Metadata-Version: 2.4
Name: marco-dvcs
Version: 0.1.9
Summary: A minimal dataset versioning system for text data with a focus on reproducibility.
Home-page: https://github.com/Team-Marco-ACM/marco-package
Author: Your Name
Author-email: your.email@example.com
Classifier: Programming Language :: Python :: 3
Classifier: License :: OSI Approved :: MIT License
Classifier: Operating System :: OS Independent
Requires-Python: >=3.8
Description-Content-Type: text/markdown
Requires-Dist: pandas
Requires-Dist: numpy
Requires-Dist: Flask
Dynamic: author
Dynamic: author-email
Dynamic: classifier
Dynamic: description
Dynamic: description-content-type
Dynamic: home-page
Dynamic: requires-dist
Dynamic: requires-python
Dynamic: summary

# Marco Dataset Versioning System

A minimal dataset versioning system for text data with a strong focus on reproducibility and transparency. Treat your text datasets like code — immutable, versioned, reproducible, and explainable.

Marco acts as a lightweight Python library, meaning you can initialize it in *any* machine learning project folder to safely version and preprocess your datasets without altering your original files.

## 🚀 Installation (Linux / MacOS)

On modern Linux environments (like Arch Linux, Ubuntu 23.04+), Python packages must be installed in a Virtual Environment (PEP 668) to prevent conflicts with your system packages. 

Follow these steps to safely install Marco into your ML project:

1. **Clone this repository** to your local machine:
   ```bash
   git clone https://github.com/your-username/marco.git
   cd marco
   ```

2. **Navigate to the ML project folder** where you want to train your model (e.g. your bag-of-words project):
   ```bash
   cd ~/projects/my-bag-of-words-model
   ```

3. **Create and activate a Python Virtual Environment**:
   ```bash
   # Create a virtual environment named 'venv'
   python3 -m venv venv
   
   # Activate it (You must do this every time you open a new terminal in this folder)
   source venv/bin/activate
   ```
   *(You should now see `(venv)` at the start of your terminal prompt!)*

4. **Install Marco**:
   ```bash
   # Point pip to the directory where you cloned the marco repository
   pip install -e /path/to/marco
   ```

---

## 🛠️ Usage Guide

Once `marco` is installed in your virtual environment, you have access to the full CLI!

### 1. Initialize a Repository
Initialize Marco tracking in your current directory.

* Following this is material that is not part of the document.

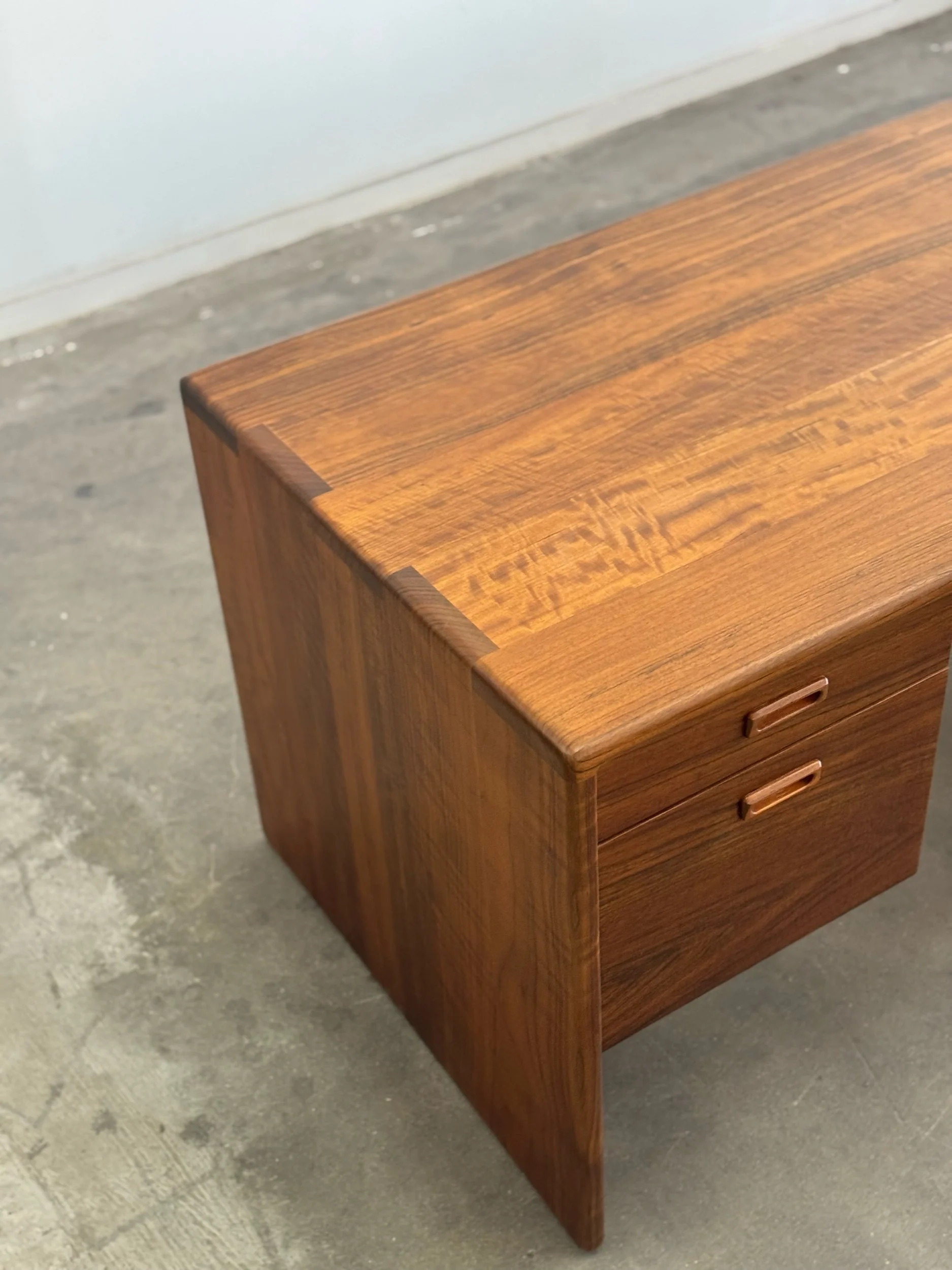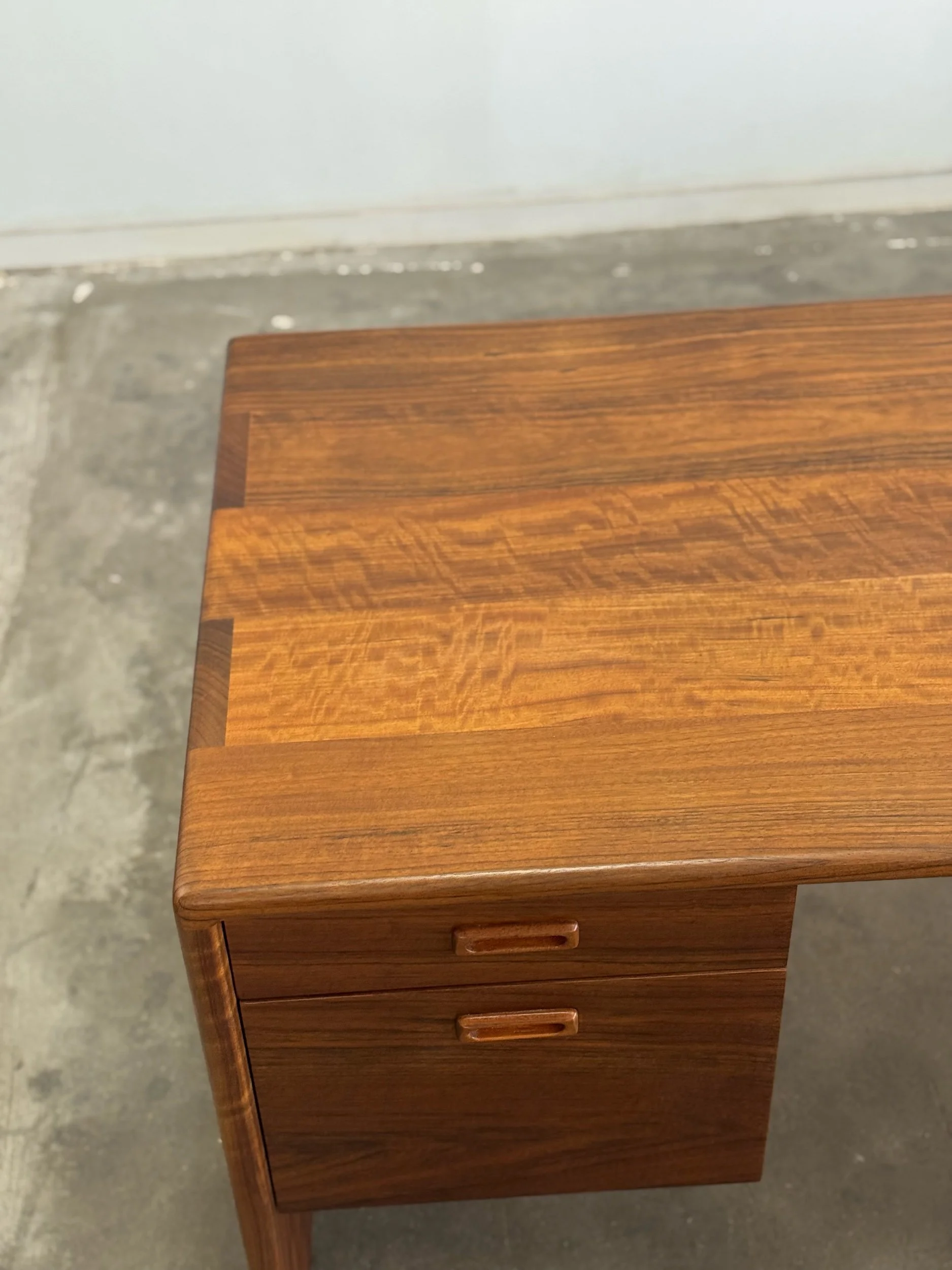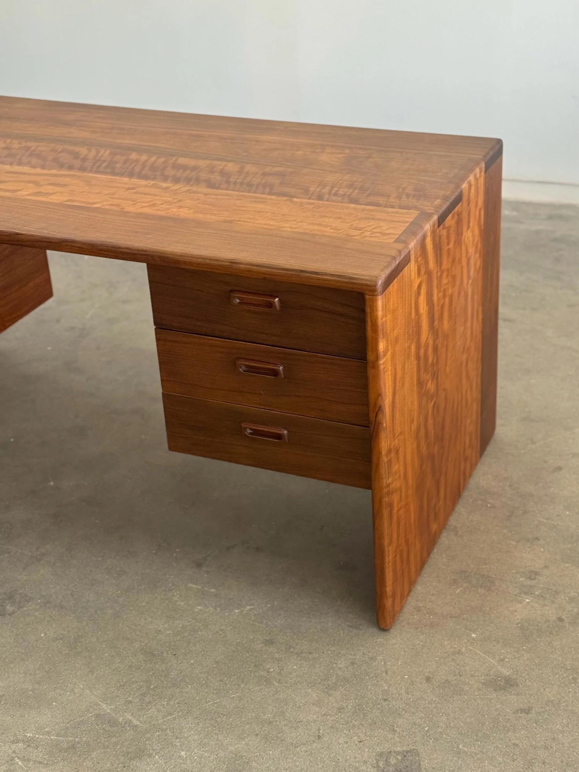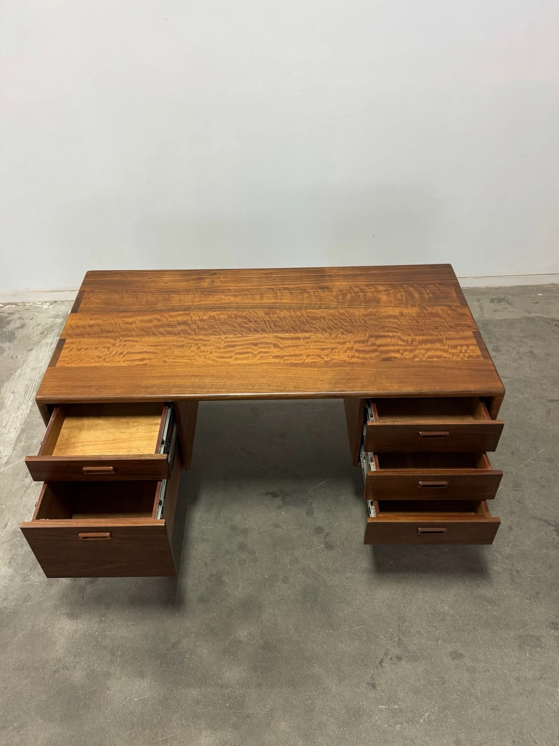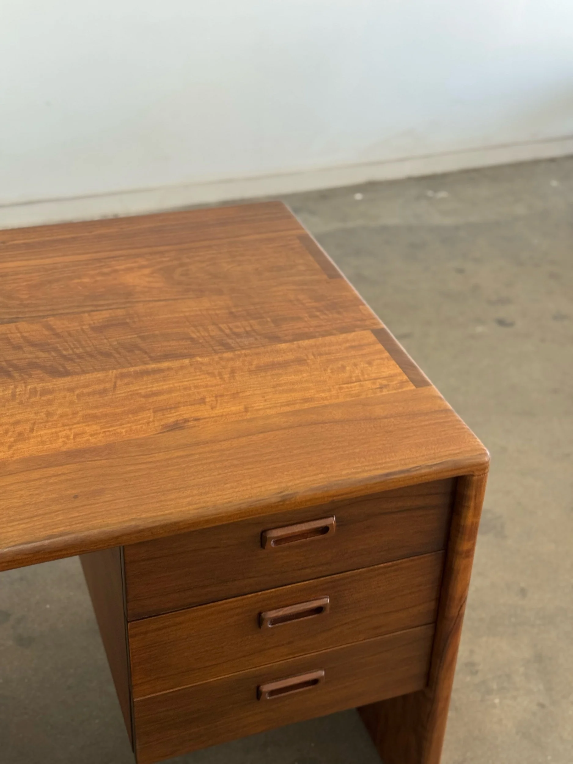 Fully restored solid desk crafted in what seems to be Shedua. Desk is in excellent condition with no major areas of wear . Unit features exposed dovetail corners , sculpted handles , is finished on all sides. Desk is structurally sound and fully functional.

This creates a `.marco/` data versioning environment specific to that project.
```bash
marco init
```

### 2. Create an Immutable Version 
Upload a text/CSV/TSV dataset to create an immutable version. Marco will compute a cryptographically secure SHA-256 hash using the raw data + the preprocessing configuration.

**Interactive Mode:**
If you don't supply a configuration file, Marco will interactively guide you through building the preprocessing pipeline (Lowercasing, Tokenization, Stopwords Removal, Deduplicating).
```bash
marco upload my_dataset.csv -t v1-raw
```

**Config Mode:**
```bash
marco upload my_dataset.csv -c my_config.json -t v1-processed
```

### 3. List Versions
View all the versions you've created, along with their tags and timestamps.
```bash
marco list
```

### 4. Restore/Checkout Data
Extract the processed dataset from marco's storage back into your active workspace to use for model training.
```bash
marco restore v1-processed -o ./training_data.tsv
```

### 5. Start the Visual Dashboard
Open the Flask-powered web dashboard or the new React DAG visualizer to view dataset metadata, differences between versions, and complete data lineage trees.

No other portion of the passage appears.